Other times, police or prosecutors may elect not to send rape kits to the crime lab for testing because they doubt the credibility of the report or because the case centers only on the question of consent, not whether a sexual act took place. In Maine, those completed kits might sit on shelves for years without any centralized record detailing their existence – even current best practice says all kits should be tested, according to Jackie Sartoris, district attorney for Cumberland County.

“You’re not supposed to hang on and see if you have a credible victim,”she said.“You don’t ask a burglary victim if they’ve made it up.”

Because there’s currently no inventory in the state, it’s impossible to know just how many kits sit untested in 2024. Several speakers Monday said that uncertainty poses problems for both law enforcement and the survivors who agree to undergo lengthy and invasive examinations, but then never learn whether their kit even reached the crime lab.

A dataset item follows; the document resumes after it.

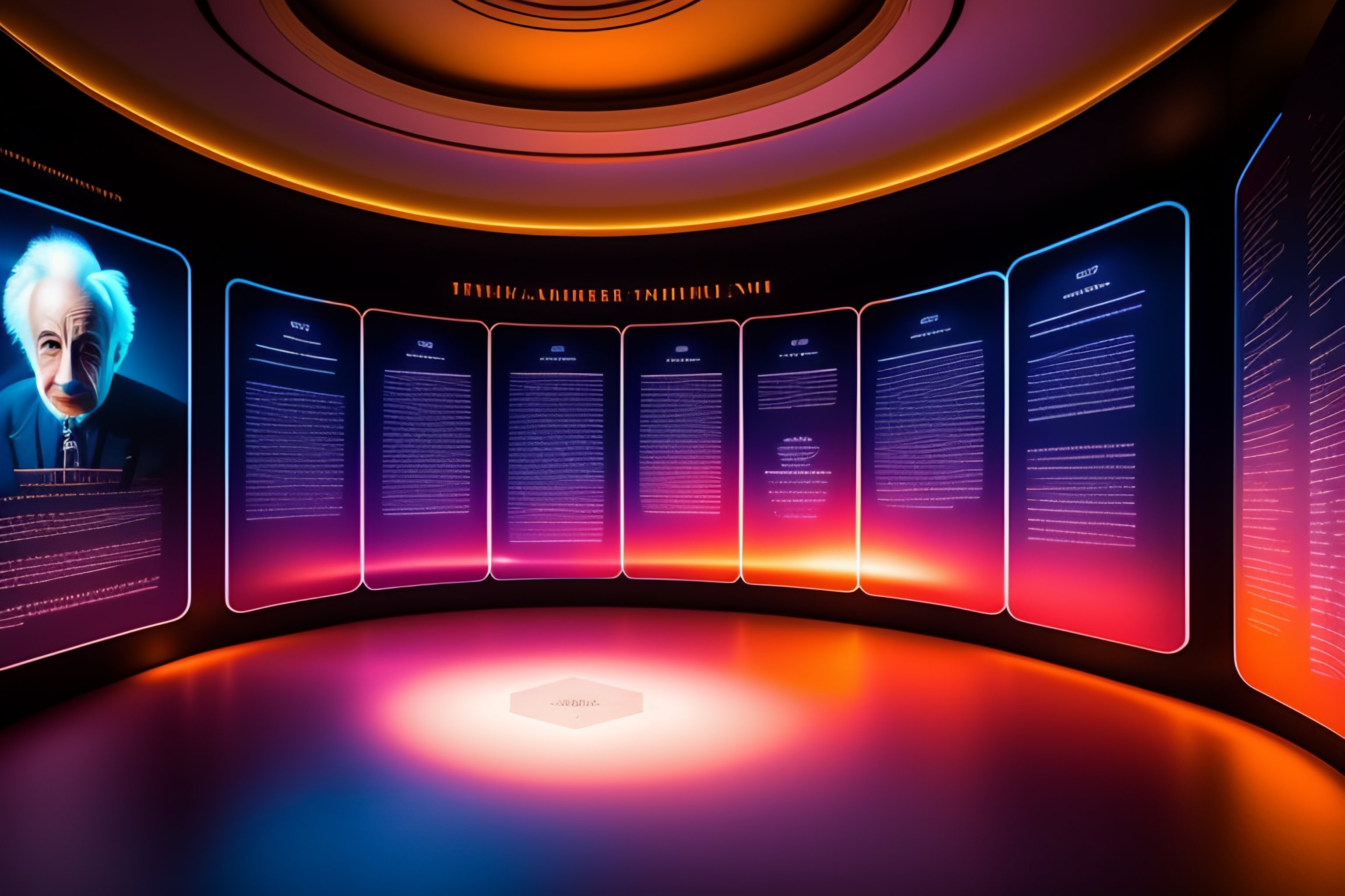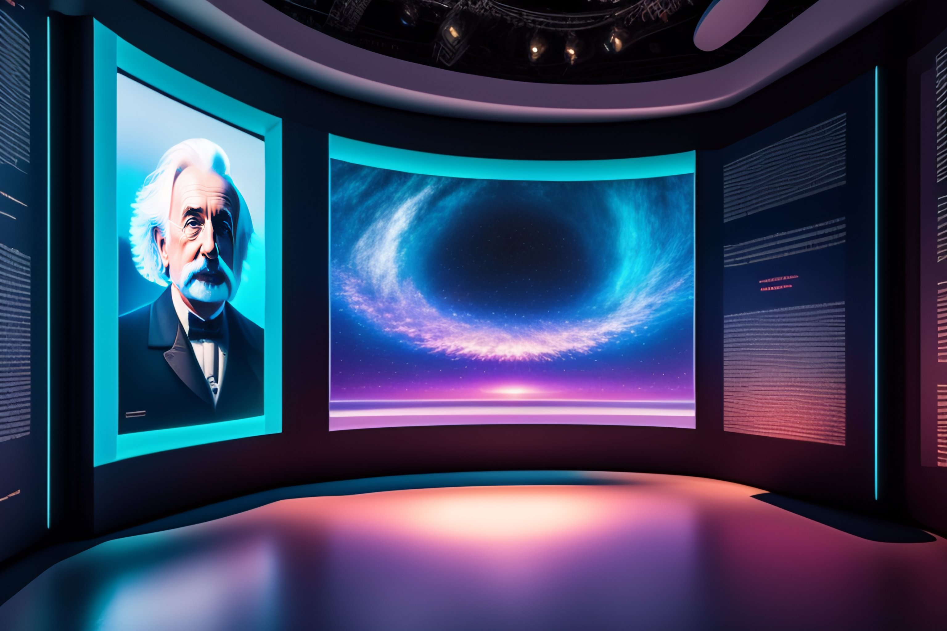 A immersive and high tech holy hall exhibition about planck、einstein and many other great physic scientists in history with cyberpunk mood

“It is unfair to ask a patient to be OK with sitting with unanswered questions about the status or whereabouts or processes or journey of their kit,” said Danielle Coutu, one of two nurses who testified in favor of the bill, which would allow survivors to easily track whether their kits had been tested but would not provide them detailed test results. “It revictimizes survivors of sexual assault when kits are not tested.”

Christian Behr, a longtime police officer who now works as a domestic assault investigator in the Kennebec County District Attorney’s Office, said a tracking system would both provide survivors with a sense of control, and promote accountability and proper evidence handling within police departments.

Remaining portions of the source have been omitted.